Too many years of smelling their own farts, I guess.
Amtrak was created, supposedly, to preserve passenger rail service after most of the major railroads were about to go bankrupt and could no longer afford to run passenger trains thanks to competition from airlines. A few years later, the federal government created Conrail because the Penn Central railroad, which controlled most of the freight routes in the Northeast, was also faced with bankruptcy. Both were government-sponsored private corporations, yet Conrail did pretty well, becoming financially-independent by the mid-1980s and acquired by two major private railroads, NS and CSX, in 1999. Amtrak, as we all know, continues to fester and suck at the government teat.
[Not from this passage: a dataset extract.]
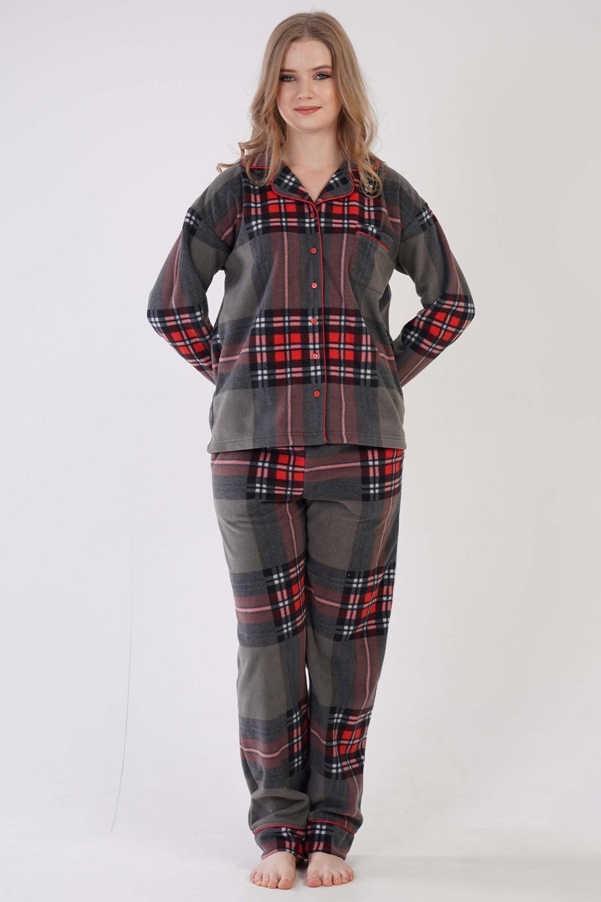 Kadın Polar Antrasit Pijama Takımı – Önden Düğmeli, Ekose Desen C2T9N0013 Kadın Polar Antrasit Pijama Takımı – Önden Düğmeli, Ekose Desen C2T9N0013 2XL

Don't know why moving things is profitable but moving people is not, but maybe it has something to do with the larger number of employees required to staff a passenger train, or the congressmen who insist on keeping Amtrak stations open in rural towns with one train every three days.
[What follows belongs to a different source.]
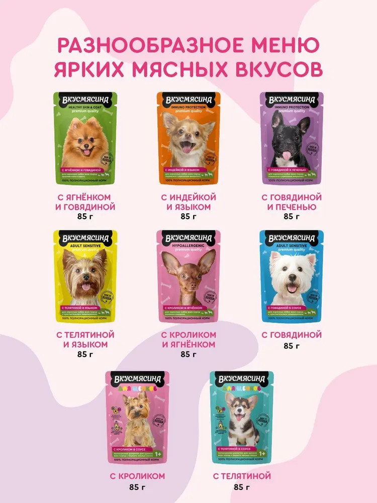 Корм для крупных пород собакКорм для средних пород собакВлажный корм Pedigree для собакВлажный корм для активных собакДиетический влажный корм для собакВлажный корм для собак PurinaВлажный корм Happy Dog для собакКорм влажный для здоровья зубов собакКорм влажный для собак с рыбойВлажный корм для собак с чувствительным пищеварениемКорм для мелких пород собакХолистик влажный корм для собакВлажный корм для собак с уткойКорм влажный для собак с кроликомКорм влажный для собак с ягненкомВлажный корм для взрослых собакВлажный корм для щенковВлажный корм для собак с курицейВлажный корм для собак с индейкойКорм влажный для собак с говядинойПремиум влажный корм для собакКорм влажный для аллергиков собак

passenger rail has never been profitable, even when rail was the only game in town. it is just not high revenue, like freight. it has always been subsidized, either through government and/or transferring freight profits to keep passenger rail going.
now, when gas is expensive amtrak does well. when gas is cheap, not so much.
passenger rail has never been profitable, even when rail was the only game in town. it is just not high revenue, like freight. it has always been subsidized, either through government and/or transferring freight profits to keep passenger rail going.
now, when gas is expensive amtrak does well. when gas is cheap, not so much.
You say that to Dagney Taggart's face
Freight rail can cover its costs because railroads can pack each railcar wall-to-wall and floor-to-ceiling with revenue-earning coal, or grain, or widgets. If you could pile passengers into a railcar like so much steel pipe loaded onto a gondola car, then passenger rail would pay for itself as well. But an Amfleet II coach only has up to 84 seats. Even assuming all those seats are filled, it's hard to get passengers to pay enough to cover just operating expenses, let alone the substantial fixed costs (e.g., investment in locomotives, railcars, allocated share of track and roadbed) associated with their transportation.
How long will it be before the people totally sicken of this corrupt government.
"In 2013 Judge Brown struck down portions of the Passenger Rail and Improvement Act on the grounds that by granting Amtrak "unprecedented regulatory powers," Congress violated the constitutional principle which says that lawmaking authority may not be delegated to a non-government entity."
Oh Obama, put this judge on the supreme court please! They seem almost reasonable!
"Two years later, however, that judgment was overturned by the U.S. Supreme Court."
Oh...right. Reason doesn't apply.
If only they took this view of entities like the EPA it would be amazing. Considering the EPA cleans up disasters, yet they're also responsible for disasters, it seems like such reasoning might apply as a justification for getting rid of a government organization that makes decisions for Congress so they can point at the President as a malefactor.